Reno Hotel Death revisited…
On Tuesday I started feeling sorta ‘weberly’ (a word I use to describe just not right)
I felt a bladder infection coming on AGAIN. This would be the third in a month. Like I’ve mentioned before, Mom, It’s not from crazy monkey sex. I called the doctor and they had me run to the lab to get a test done.
They prescribed me ANOTHER bottle of antibiotics, but I wasn’t able to pick it up until Friday after Shaun got off work. By Friday I was in full blown sick and I actually greeted Shaun in the drive way and grabbed the bottle of pills and ran for a glass of water.
About an hour of taking the pill I was right back to being as sick as I was in Reno. I had the chills and my back was shooting pains all the way down my legs to knees.
This whole thing was EXACTLY the same as when I was in Reno and I knew the next step would involve me puking non-stop for hours.
I called the doctor to see if they could prescribe me so ‘non-throwy-uppy’ pills. After talking to the advise nurse she talked to the doctor and she said the dreaded words, “Get to the emergency room…now.”
I freaked out a little bit. I managed to piece my thoughts into one rambled sentence, “I don’t wanna go to the emergency because I am hot and cold and I’m going to throw up in the emergency room and oh god, I don’t wanna throw up in the emergency room. Please don’t make me go because they are going to make me sit there and I beeee soooo hooooot.”
I sounded much like a four year old having a temper tantrum.
‘Cita and Shaun got me up and into the emergency room. They took my blood pressure and the machine was beeping like a fire alarm. She made me stand up to take it again and I swear they had that sucker set to ‘squeeze the hell out of you’ and I nearly almost passed out in the time for them to finish. They were a little concerned that my blood pressure was low. I told the lady that it was always a little low. “How low is that?” “I don’t know, just low enough that my ex-husband said, ‘I knew you didn’t have a heart!'”
By the time they admitted me into a room, I was at the point of passing out.
The nice nurse came cruising in with a bag of fluids so I knew that meant I was going to have to get a needle. “Oh god, no. That is going to bruise!” She assured me that she was really good and It wouldn’t bruise. Guess what? bruised the size of silver dollar.
I told her, “I’m good, just get me the no-throwy-uppy’ stuff and I’ll be fine. Well, they decided instead of giving me stuff, they were just going to take every ounce of blood in my body.
After an hour I was begging for the no-throwy-uppy stuff and pain medicine to make the pain in my back and legs to stop. When they finally got around to doing that, heaaavvven sweet heaven. I passed out.
Did I mention I had a photo shoot of a huge family reunion scheduled the next day? I decided I had to get out of the hospital so I could get better.
In retrospect, I probably shouldn’t have left against doctors orders. I managed to get redressed while being hooked up to an IV bag. I was staggering down the hallway, white as a ghost with blood shot eyes and my IV bag in my hand saying, ‘Get it out. I have to go!”
Damn, I am stubborn.
The next day is a complete blur except a few things. ‘Cita coming in saying, ‘Drink this’ every few minutes. Shaun looking at me as if I was nearly dead. ‘Cita’s husband coming in and talking Japanese. (That wasn’t real, just a hallucination.) Lisa making me soup and not being able to eat it.

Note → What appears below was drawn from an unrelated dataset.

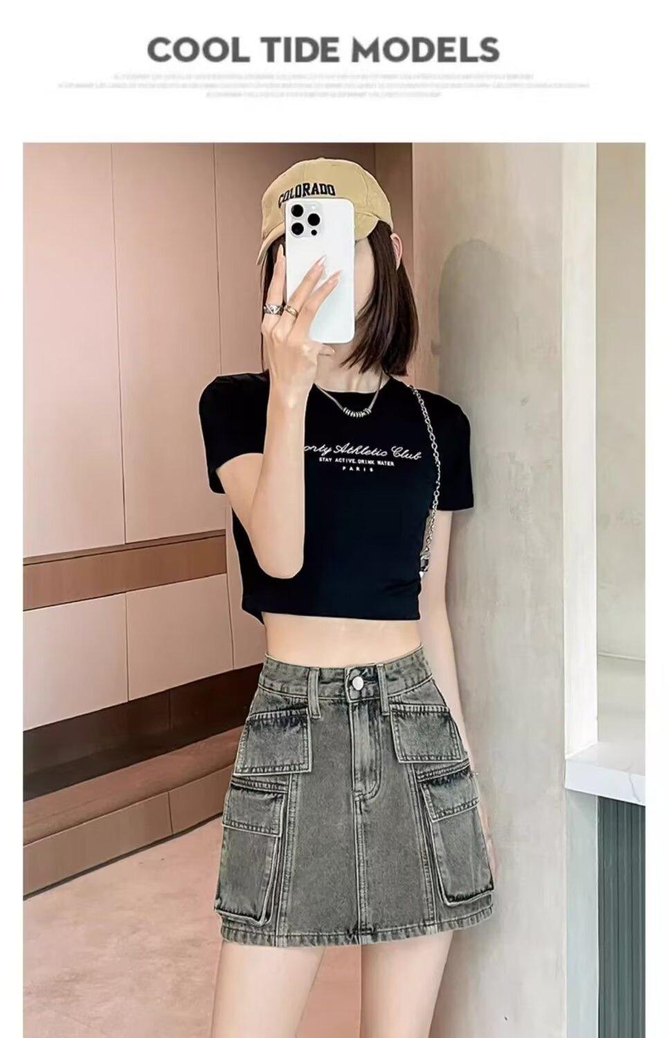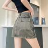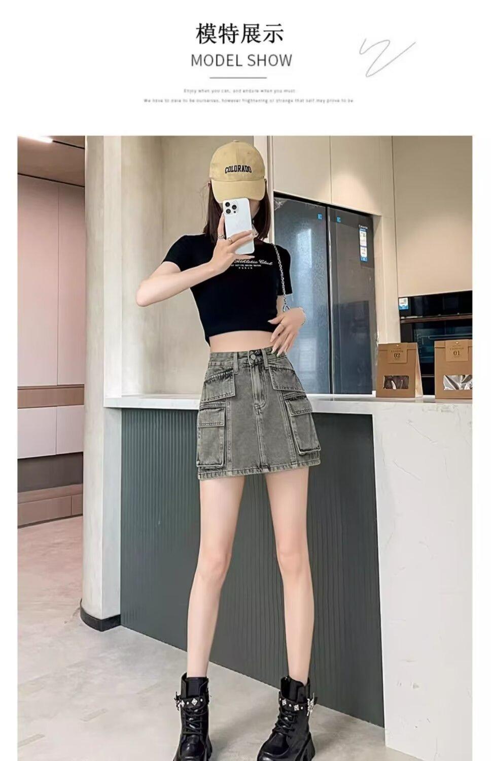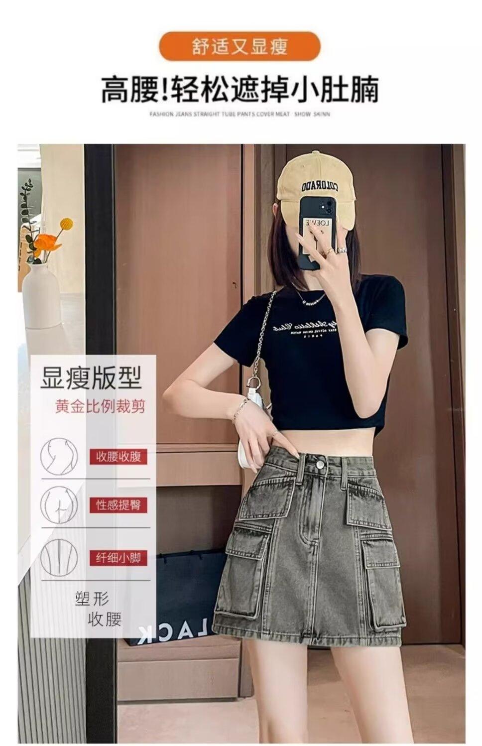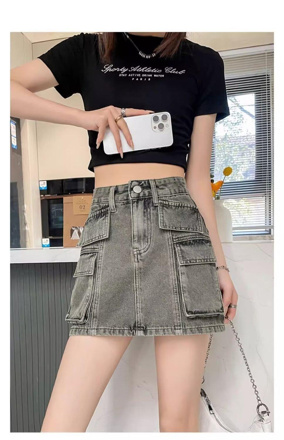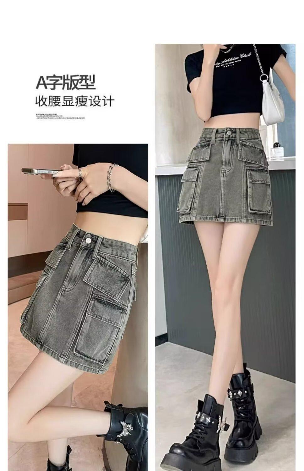 Falda Corta de Mezclilla de Verano para Chica Caliente Moda Femenina Falda A-Line Adelgazante de Cintura Alta Versátil Falda Ajustada a las Caderas Falda de Mezclilla a la Moda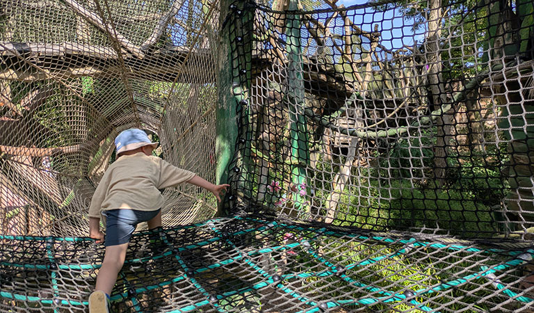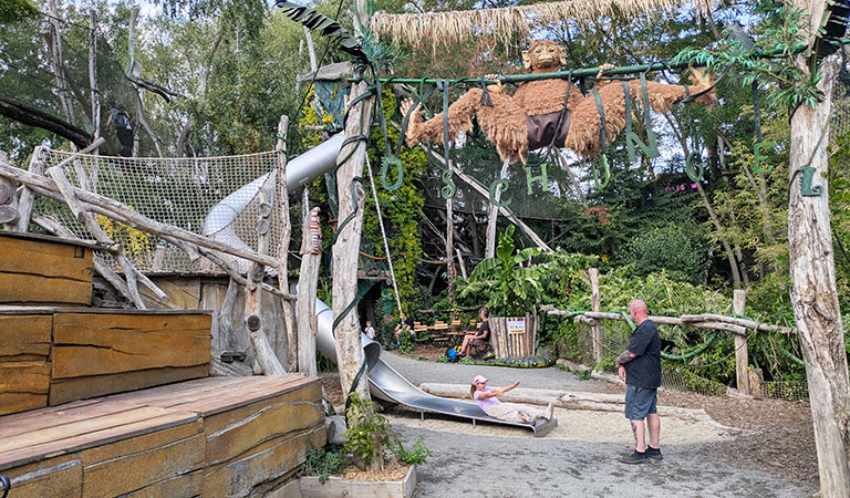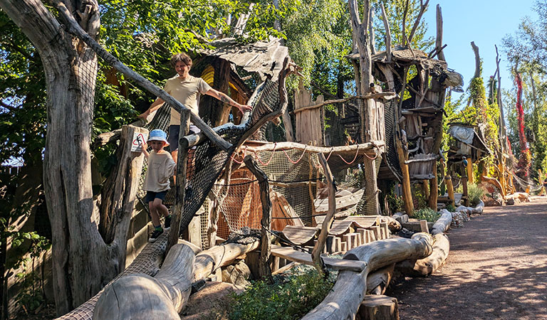 Wir streifen durch den Park, balancieren über Baumstämme und wackelige Brücken, entdecken magische Hütten und Tunnelrutschen. Wir lassen Murmeln kullern, entspannen in Hängematten, bestaunen hölzerne Kunstwerke und ein Matschareal, in dem meine Söhne am liebsten Stunden bleiben würden.

Whatever had a grip on me let go around 10 pm and I was able to sit up for a couple of minutes and focus on stuff.
This morning I woke up my eyes were swollen, but I was able to walk around for 20 minutes before I had to lay down and rest.
I go in tomorrow to find out what the hell all the blood tests they took said.
Everything I have heard and read, it’s probably kidney stones. The one lady said, “might be blood poisoning.” Didn’t sound good, so I won’t be googling that.
Thank you all for your well wishes…I am hoping that everything turns out good and fixable.
For my friends that took care of me yesterday, “I love you! I don’t know how I would have survived without you.”
Happy Birthday, Shaun. Sorry I managed to screw up another year for you. Next year, the big four-oh, we are having a full blown bash for you! –promise!!